■ ABOUT THIS TASK
If a line below falls between the line with "作家Carla Masterson(左二)和资深记者和娱乐评论家Bobbie Kats(左一)都非常喜爱神韵的演出" and the line with "on the bedspread.", or is one of those two, output it exactly; output nothing else and no pictures.

■ DATA TO EXAMINE
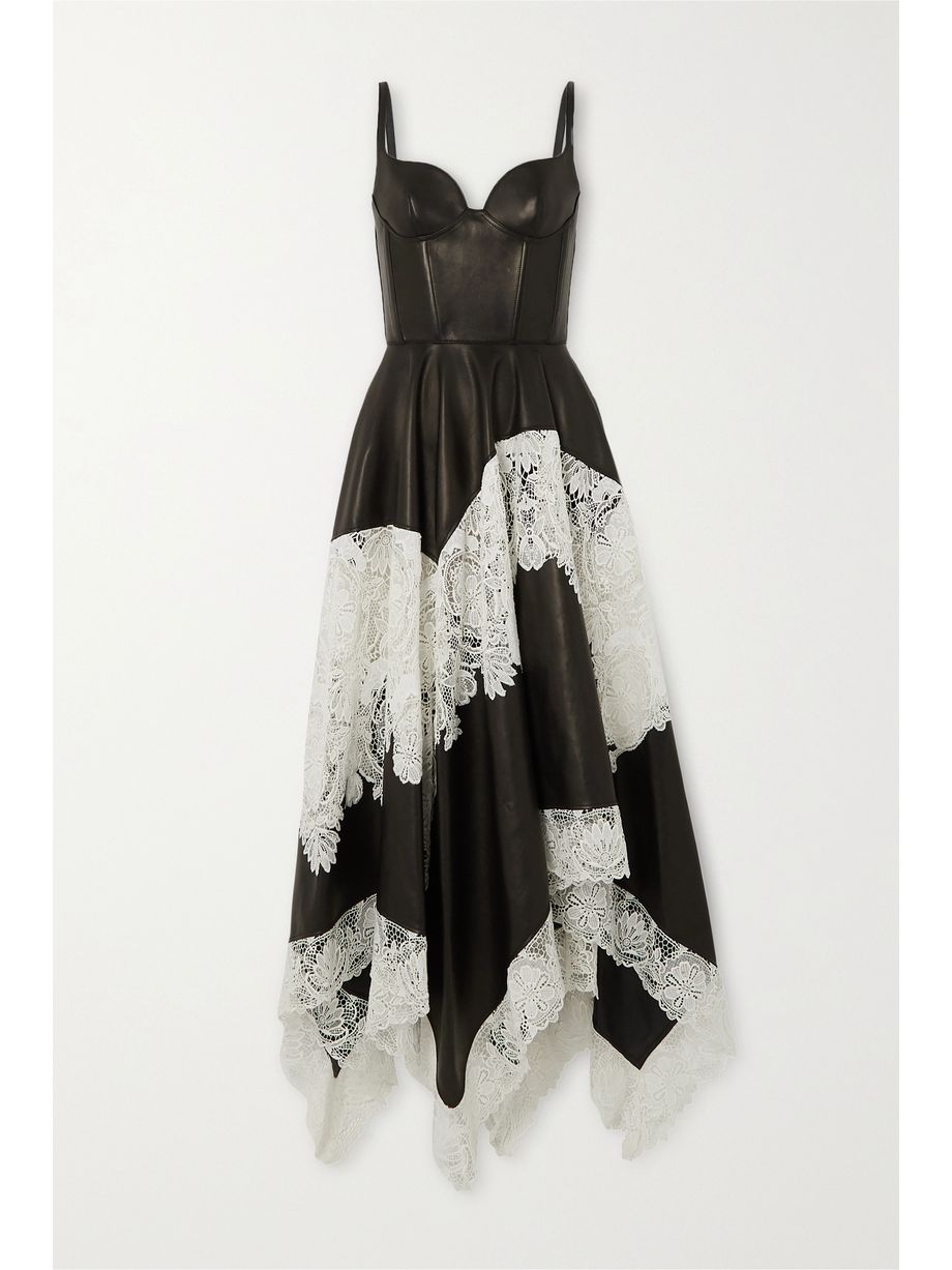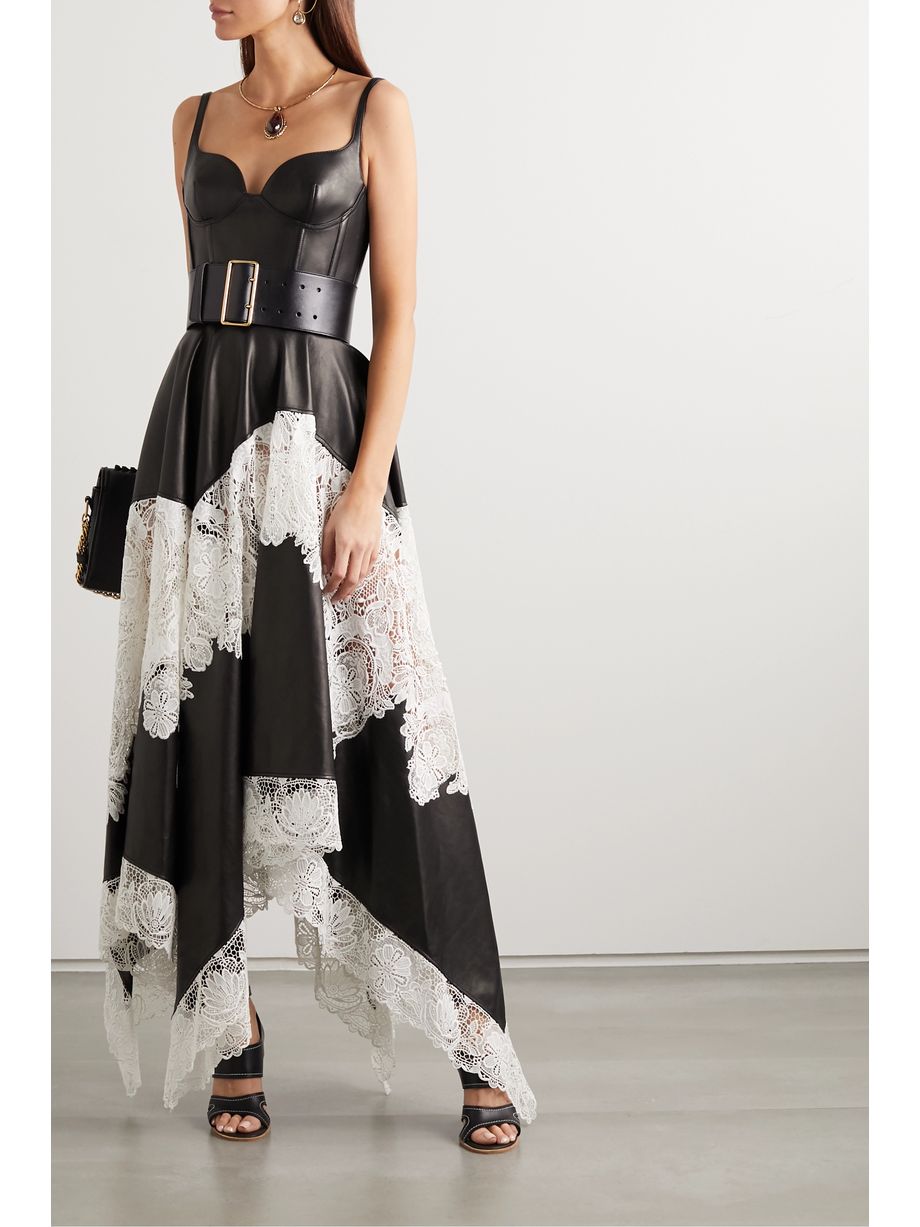 Leather and cotton-blend guipure lace gown
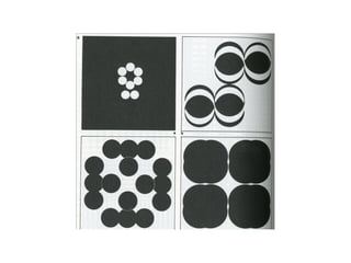 El documento describe las diferentes formas en que las formas geométricas pueden interactuar y organizarse, incluyendo la distancia, el toque, la superposición, la penetración y la unión. También describe conceptos como la repetición de formas, el cambio de proporción, dirección y posición, y la creación de estructuras a través de la reflexión, división y combinación de formas. Finalmente, explica conceptos como la similitud, sustracción, distorsión, unión y variaciones que pueden aplicarse a las formas.
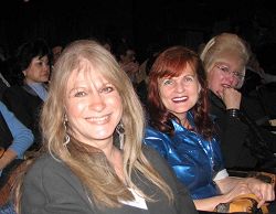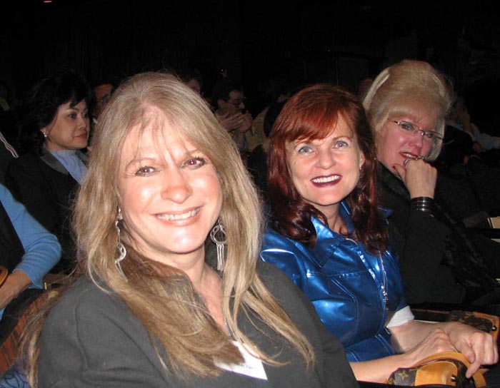 | 【明慧网二零零八年一月二十二日】(明慧记者苏青拉斯维加斯采访报道)“非常令人鼓舞!所有的歌曲、音乐,整个演出都非常的令人鼓舞!”作家和职业歌唱演员Carla Masterson在二零零八年新唐人全球华人新年晚会拉斯维加斯场的中场休息时这样对记者说,“每个节目都很特别,我没有办法挑出哪一个是我最喜欢的。(观看演出)真的是一个美妙的体验。” Carla Masterson曾是位职业歌唱演员,七八十年代在拉斯维加斯各大酒店表演。九十年代她开始写作,第一本书是关于情感的儿童读物“What’s On The Other Side of The Rainbow”。二零零六年,她成立了自己的出版公司,正在出版她的七本著作。  作家Carla Masterson(左二)和资深记者和娱乐评论家Bobbie Kats(左一)都非常喜爱神韵的演出
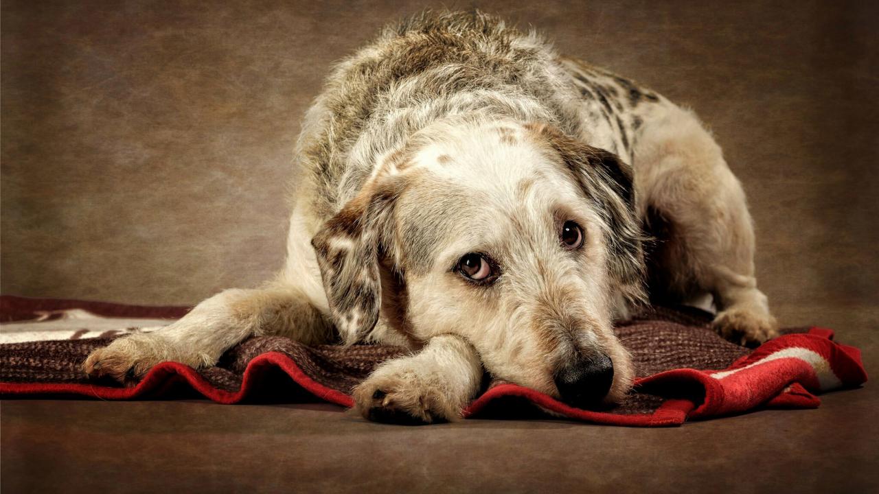 » Wallpaper Sad dog lies on the bedspread.
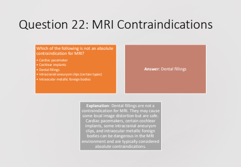 Question 22: MRI ContraindicationsWhich of the following is not an absolute contraindication for MRI?%u2022 Cardiac pacemaker%u2022 Cochlear implants%u2022 Dental fillings%u2022 Intracranial aneurysm clips (certain types)%u2022 Intraocular metallic foreign bodiesAnswer: Dental fillingsExplanation: Dental fillings are not a contraindication for MRI. They may cause some local image distortion but are safe. Cardiac pacemakers, certain cochlear implants, some intracranial aneurysm clips, and intraocular metallic foreign bodies can be dangerous in the MRI environment and are typically considered absolute contraindications.
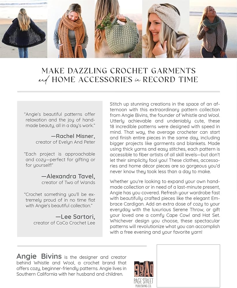 Stitch up stunning creations in the space of an afternoon with this extraordinary pattern collection from Angie Bivins, the founder of Whistle and Wool. Utterly achievable and undeniably cute, these 18 incredible patterns were designed with speed in mind. That way, the average crocheter can start and finish entire pieces in the same day, including bigger projects like garments and blankets. Made using thick yarns and easy stitches, each pattern is accessible to fiber artists of all skill levels—but don’t let their simplicity fool you! These clothes, accessories and home décor pieces are so gorgeous you’d never know they took less than a day to make.
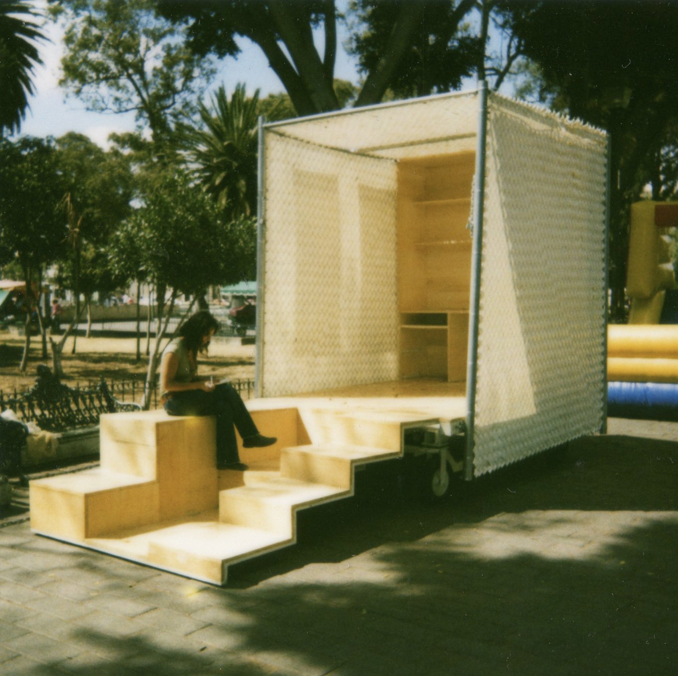 BIBLIOTECA MÓVIL - un cubo sobre ruedas que se abre al público
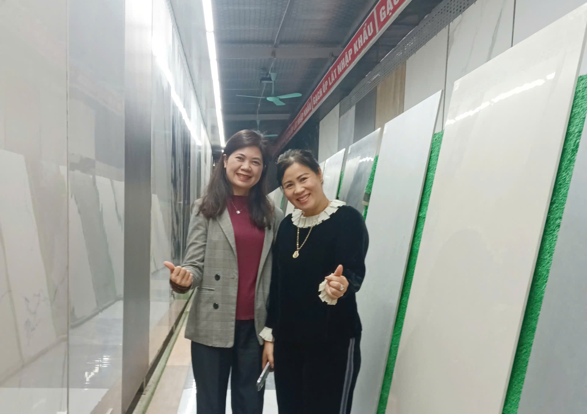 Đón tiếp Đoàn thẩm định tại Công ty TNHH Gạch ốp lát Khánh Linh (Công ty Khánh Linh) là Chị Đỗ Thu Thủy – Phó Giám đốc Công ty và Chị Nguyễn Thị Mỹ Thanh – Phó Giám đốc Công ty.
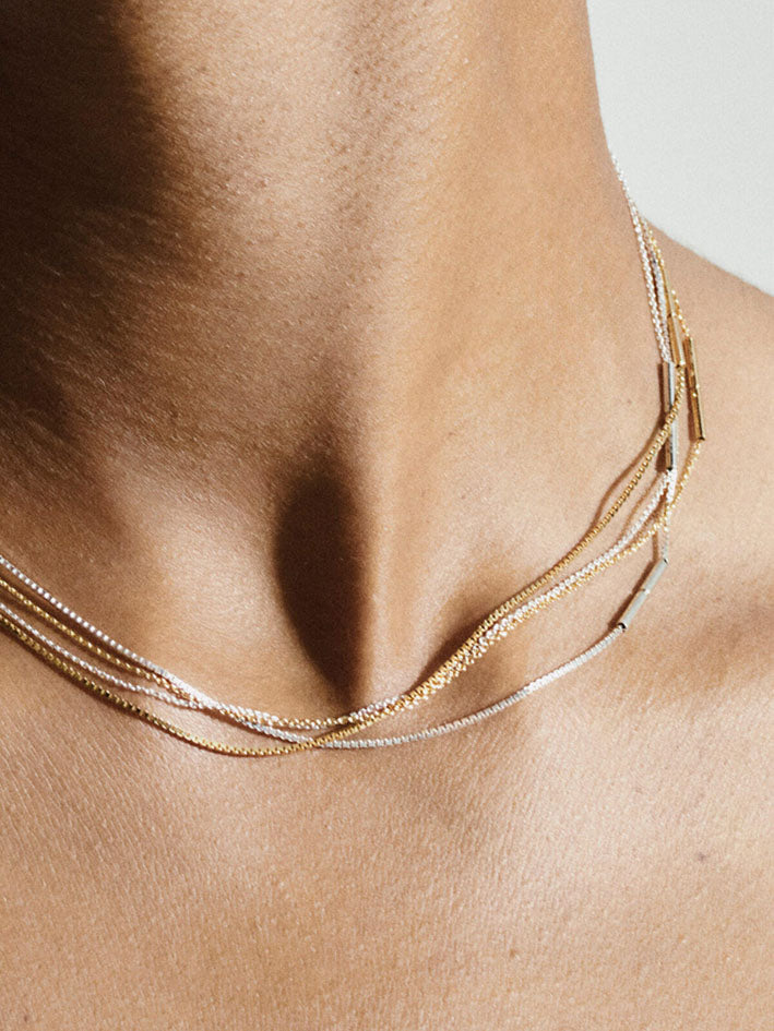 These Fine Necklace Cubic Gold by Saskia Diez give you just a subtle golden shimmer on your skin. They are simple and delicate. Material is 18karat gold. Variations are cubic for box chain, a chain made out of little cubes. Made in Munich.
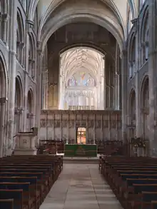 In 1819 lath and plaster vaulting was installed in the nave, but a year later the vaulting of the south transept was found to be unsafe and had to be dismantled. In the late 19th and early 20th centuries extensive repairs were carried out, which included the insertion of tie-rods in the tower and the underpinning of the nave and south choir aisle walls in 1906. In 1912 a new floor was laid in the nave consisting of 6" of concrete, an inch of fine cement and wooden blocks on top.[7]

■ THE COMPLETED TASK
 | 【明慧网二零零八年一月二十二日】(明慧记者苏青拉斯维加斯采访报道)“非常令人鼓舞!所有的歌曲、音乐,整个演出都非常的令人鼓舞!”作家和职业歌唱演员Carla Masterson在二零零八年新唐人全球华人新年晚会拉斯维加斯场的中场休息时这样对记者说,“每个节目都很特别,我没有办法挑出哪一个是我最喜欢的。(观看演出)真的是一个美妙的体验。” Carla Masterson曾是位职业歌唱演员,七八十年代在拉斯维加斯各大酒店表演。九十年代她开始写作,第一本书是关于情感的儿童读物“What’s On The Other Side of The Rainbow”。二零零六年,她成立了自己的出版公司,正在出版她的七本著作。  作家Carla Masterson(左二)和资深记者和娱乐评论家Bobbie Kats(左一)都非常喜爱神韵的演出
 » Wallpaper Sad dog lies on the bedspread.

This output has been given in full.